The pattern: in Go, apply the module, then make real assertions against the live infrastructure (HTTP requests, SSH, cloud SDK calls), then tear it down with a deferred destroy.

func TestWebServer(t *testing.T) {
    opts := &terraform.Options{TerraformDir: "../examples/web"}

    defer terraform.Destroy(t, opts)   // always clean up, even on failure
    terraform.InitAndApply(t, opts)

    url := terraform.Output(t, opts, "url")
    http_helper.HttpGetWithRetry(t, url, nil, 200, "OK", 30, 5*time.Second)
}
go test -v -timeout 30m ./test/

Terratest is powerful but expensive: it spins up real infrastructure, takes minutes to tens of minutes, costs money, and needs cloud credentials. So it sits at the top of the ladder - you run it on the handful of modules where "does the real thing actually work end to end" is worth the cost, typically on a schedule or before a release, not on every commit. Note the long timeout and the deferred destroy: a Terratest run that fails to clean up leaks real, billable resources.

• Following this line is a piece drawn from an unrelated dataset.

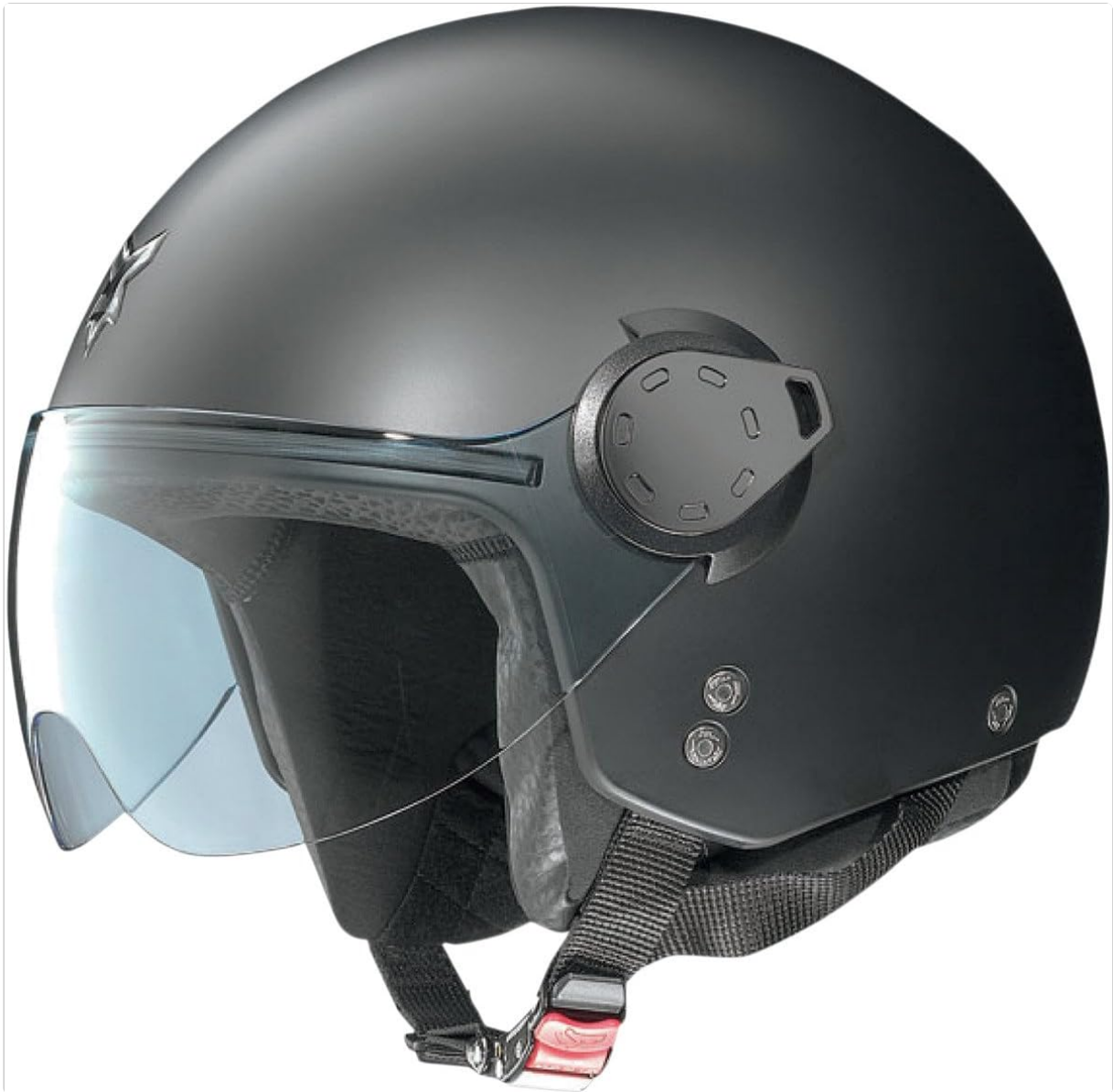
Image: The Nolan N20 Outlaw Helmet in matte black, featuring an open-face design with a clear visor. The helmet includes a chin strap and ventilation details.

Drift detection with a scheduled plan

Everything so far checks code before it applies. Drift is the opposite problem: after you apply, someone changes a resource by hand in the console, or another tool touches it, and now reality no longer matches your code. Nothing in your pipeline notices, because nobody ran a plan.

The fix is to run a plan on a schedule and alert when it is not empty. terraform plan -detailed-exitcode is built for exactly this - it exits 0 for no changes, 2 for changes present, 1 for an error:

terraform init -input=false
terraform plan -detailed-exitcode -refresh-only
# exit 0 -> in sync; exit 2 -> drift detected; exit 1 -> error

A nightly CI job that runs this and fails (or opens a ticket / pings a channel) on exit code 2 gives you continuous assurance that the live world still matches git. The -refresh-only variant focuses on external drift specifically - resources that changed outside Terraform - versus pending changes from code you have not applied yet. Either way, the sooner you learn a security group was hand-edited at 2am, the cheaper it is to reconcile.

Putting it in a pipeline

A sane CI ordering follows the ladder - fail fast on the cheap checks, gate the expensive ones behind a manual approval:

# --- fast checks, every commit, fail fast ---
terraform fmt -check -recursive
terraform init -backend=false
terraform validate
tflint --recursive
trivy config .                         # or: checkov -d .

# --- needs credentials, still no apply ---
terraform init -input=false
terraform plan -out=tfplan
terraform show -json tfplan > plan.json
conftest test plan.json                # policy as code against the plan
checkov -f plan.json                   # scan resolved plan values

# --- module tests ---
terraform test                         # plan-based tests are cheap; run them here

# --- gate, then apply EXACTLY the reviewed plan ---
terraform apply tfplan                 # after human/policy approval

# --- expensive, on a schedule or pre-release, not every commit ---
go test -v -timeout 30m ./test/        # Terratest integration tests

And separately, on a nightly schedule:

terraform plan -detailed-exitcode -refresh-only   # exit 2 -> alert on drift

The shape of it

Confidence in Terraform is a ladder, not a single test. fmt and validate cost nothing and run on every save. The plan review - saved to a file and applied verbatim - is your primary safety gate and catches most real disasters, especially destroy and forces replacement. Variable validation, preconditions, and postconditions bake correctness into the config so bad inputs fail early. tflint catches provider-specific mistakes, trivy / checkov / tfsec catch insecure configurations, and OPA / Sentinel enforce your own organizational rules against the plan JSON. The native terraform test framework handles module tests cheaply, plan-first, and Terratest proves the real deployed thing works when that is worth the cost. Finally, a scheduled plan -detailed-exitcode catches drift after the fact. Spend the cheap checks freely and the expensive ones deliberately, and most infrastructure mistakes never reach production.